He said, "Then I thank you from my heart."
As Howard Kelly left that house, he not only felt stronger physically, but his faith in God and man was strong also. He had been ready to give up and quit.
Years later that young woman became critically ill. The local doctors were baffled. They finally sent her to the big city, where they called in specialists to study her rare disease. Dr. Howard Kelly was called in for the consultation.
When he heard the name of the town she came from, a strange light filled his eyes. Immediately he rose and went down the hall of the hospital to her room. Dressed in his doctor's gown, he went in to see her. He recognized her at once. He went back to the consultation room determined to do his best to save her life. From that day he gave special attention to the case.
After a long struggle, the battle was won. Dr. Kelly requested the business office to pass the final bill to him for approval. He looked at it, then wrote something on the edge and the bill was sent to her room. She feared to open it, for she was sure it would take the rest of her life to pay for it all. Finally she looked, and something caught her attention on the side of the bill. She read these words:
PAID IN FULL WITH ONE GLASS OF MILK.
(Signed) Dr. Howard Kelly
Tears of joy flooded her eyes as her happy heart prayed: "Thank You, God, that Your love is shed abroad through human hearts and hands."

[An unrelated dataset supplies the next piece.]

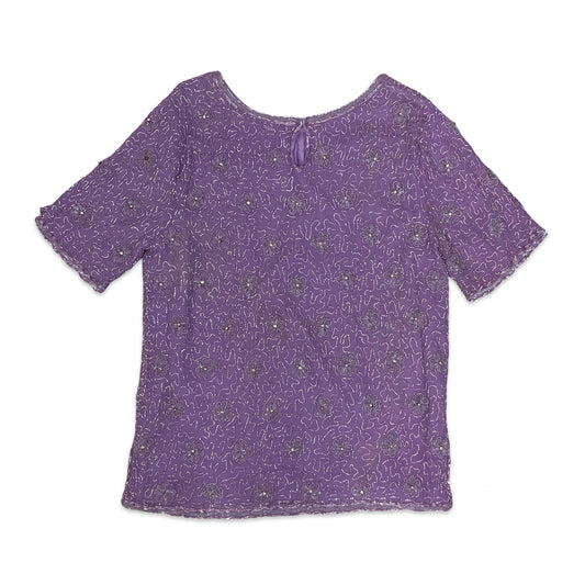 80s Lilac Floral Beaded Blouse 16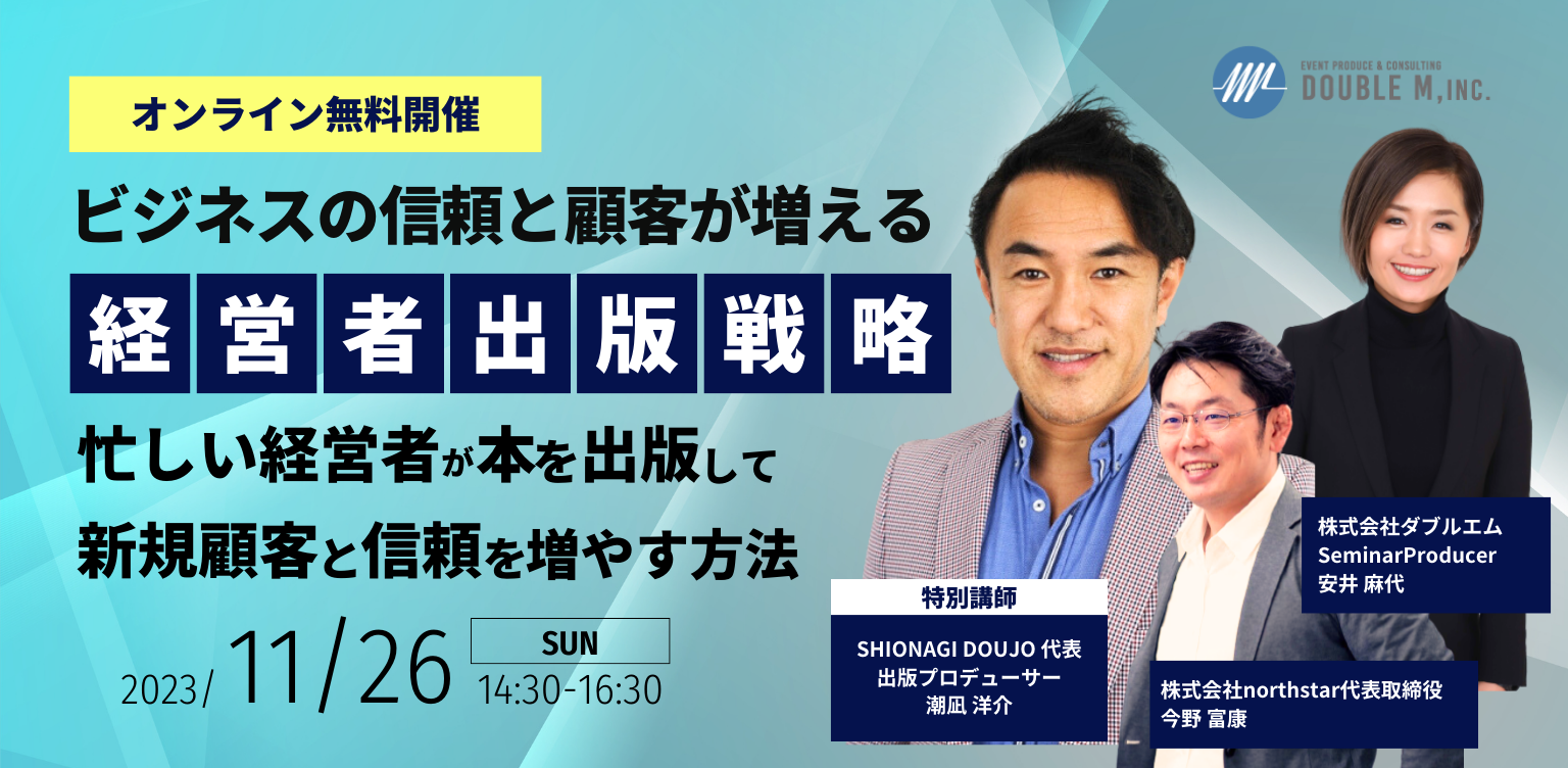 すでに多くの経営者の出版をサポートしてきた潮凪洋介氏、数々の企業の経営課題を解決してきた今野富康氏、そして当会理事の安井麻代がタッグを組み、最短で商業出版を実現して、出版からの売上アップを成功に導く「経営者出版戦略」の自社への導入方法をステップバイステップでお伝えします。

Note: This is one of those well-traveled stories -- its exact origin is unknown. As is often the case, someone fictionalized some of the details, but it is essentially a true event.
The truthorfiction.com website (http://www.truthorfiction.com/rumors/oneglassofmilk.htm) states that Dr. Howard Kelly was a distinguished physician who in 1895 founded the division of Gynecologic Oncology at Johns Hopkins University. According to Dr. Kelly's biographer, Audrey Davis, the doctor was on a walking trip through northern Pennsylvania one spring day when he stopped by a farmhouse for a drink of water. A little girl answered his knock at the door, and instead of water brought him a glass of fresh milk. He visited with her briefly, then went on his way. Sometime after that, the little girl came to him as a patient and needed surgery. After the surgery, the bill was brought to her room and on it were the words "Paid in full with one glass of milk."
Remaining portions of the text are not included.